Voltando ao curso. O jovem professor da referida disciplina, Djael Dias da Silva, ainda entre nós, substituto do desencarnado mestre Bráulio Seixas, ministrou um trabalho sobre “o desempenho do trator nos tratos culturais”. Escolhi o caso da “cultura do coqueiro”. Prenúncio do futuro profissional, onde trabalhei numa unidade de pesquisa da EMBRAPA - Empresa Brasileira de Pesquisa Agropecuária, possuidora de relevante portfólio de pesquisa nesse cultivo.
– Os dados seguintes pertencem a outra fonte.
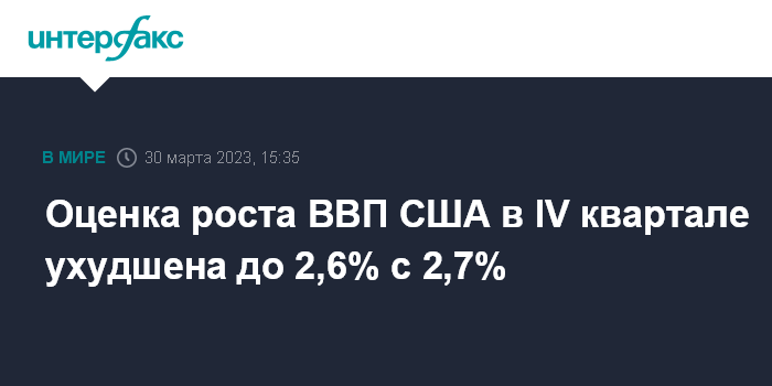 Москва. 30 марта. INTERFAX.RU - Экономика США в четвертом квартале 2022 года выросла на 2,6% в пересчете на годовые темпы. Таковы окончательные данные министерства торговли США.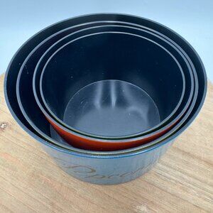 This set of 4 vintage Nasco nesting snack bowls is perfect for serving popcorn, chips, pretzels, and nuts. Made of durable melamine, they come with one lid for easy storage and transport. Add a touch of retro charm to your gatherings.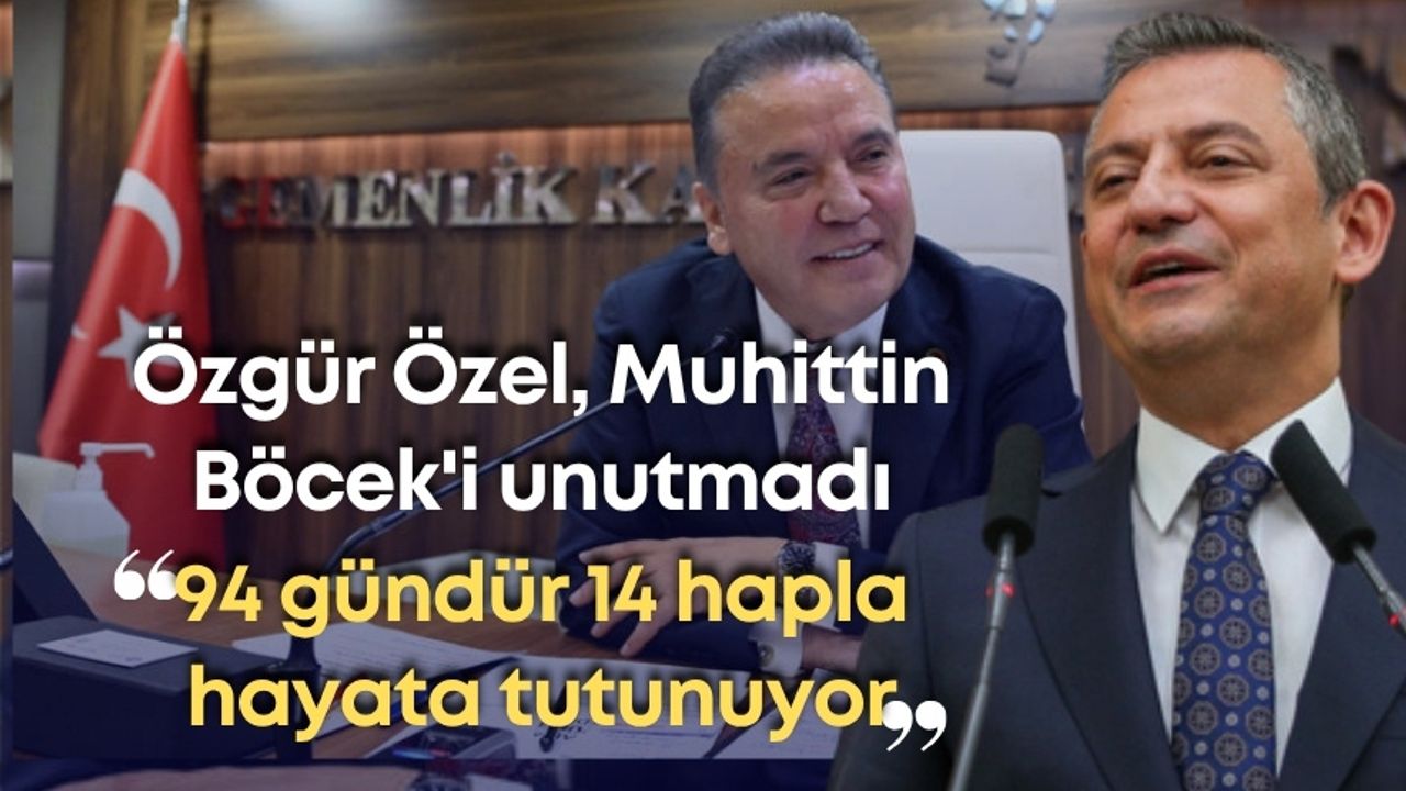 Cumhuriyet Halk Partisi (CHP) Genel Başkanı Özgür Özel, partisinin Türkiye Büyük Millet Meclisi (TBMM) Grup Toplantısı’nda yaptığı konuşmada Antalya Büyükşehir Belediye Başkanı Muhittin Böcek’in sağlık durumuna ve tutukluluğuna dikkat çekti. Özel, “Antalya Büyükşehir Belediye Başkanı Muhittin Böcek’in koltuğu 94 gündür boş. Cezaevinde günde 14 hap içerek yaşama tutunmaya çalışıyor” dedi.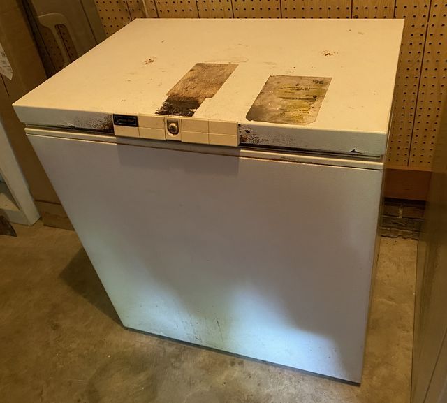 Vintage chest freezer, age wear, working condition. Vintage chest freezer, age wear, working condition.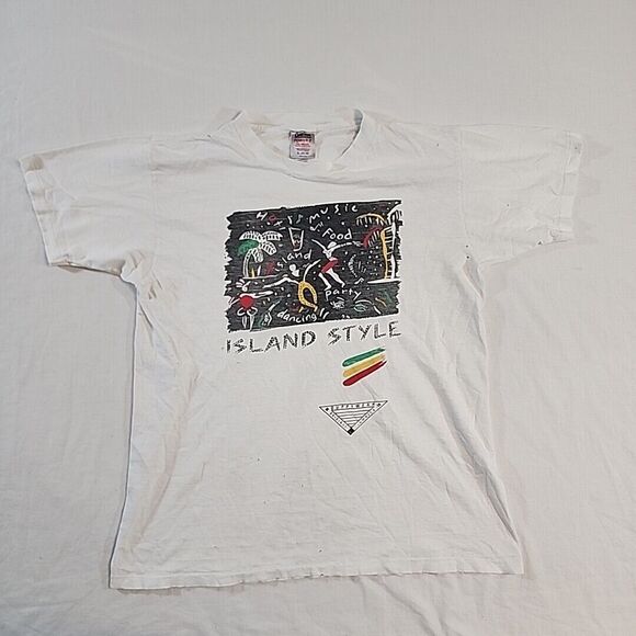 Vintage ONEITA PowerT Duppywear Jamaican TShirt Island Style White Single Stitch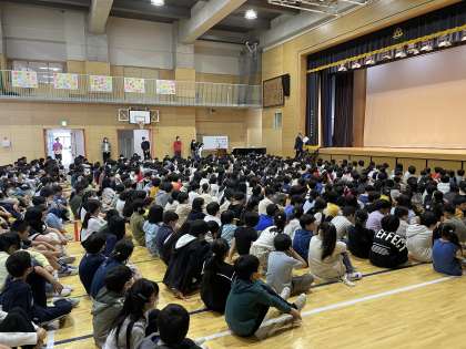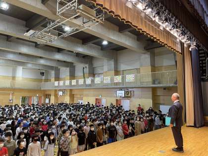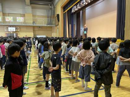 4年・5年・6年が集まりました。約600人の児童です。とても静かで落ち着いていて、さすが高学年の姿でした。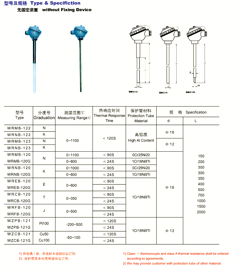 一体化热电偶主要包括:

Uma tarefa simples, a comparação entre custo e benefício da máquina versus o arado de aiveca a tração humana e animal.

Trabalho passado e prazo de entrega definido. Disciplinado e diligente, cumprir a tarefa em tempo hábil. Na manhã do dia de entrega, apareceu no meu quarto no campus, o colega Antônio Flores, o “Tom Tom”. Uma visita inusitada. Afeiçoado, cabelos longos, voz e violão afinados e motociclista de uma majestosa máquina. Residia numa república de estudantes na cidade. Apressado, solicitou ajuda sobre o referido trabalho, ainda por fazer. Temendo ser qualificado como “p. de bosta”, marca que grudava no tempo do curso, emprestei o trabalho pronto e acabado, com as recomendações de usar como orientação e não copiar. Poucas horas antes do prazo final, “Tom Tom” devolveu o trabalho com um “pálido obrigado”. A surpresa estava porvir. No dia da entrega dos resultados, eis a nota: “SR [Sem Rendimento]”, ou seja “Zero”. As avaliações seguiam a escala: “S [Superior], MS [Médio Superior], M [Médio], MI [Médio Inferior], I [Inferior] e SR [Sem Rendimento]”. Procurei o professor, questionando humildemente as razões dessa incomum nota. Como resposta, disse ele: o “SR” foi a nota do desonesto comportamento. Os trabalhos eram iguais de início ao fim. Os mesmos cálculos, itens, comentários, capa e contra capa. Caso existisse a “Xerox”, seria uma fotocópia.

Retornei abatido ao quarto onde fui consolado pelos colegas Domingo Haroldo e Bival da Conceição. Triste pelo “SR”. Esforço perdido. Provável reprovação na disciplina e restrição à conclusão do curso no tempo regular. Ao final do semestre, o alívio pelo resultado das três avaliações na citada disciplina: “M [Médio]”, a nota mínima para “passar”, em face de dois “S” nas avaliações anteriores. “Tom Tom” continuou cantando as suas belas toadas e encantando as nativas com a sua vistosa máquina. Os fatos reais não foram revelados, pois seria traição e “dedo-duro” na moral de estudante.

Manoel Moacir Costa Macêdo, é engenheiro agrônomo.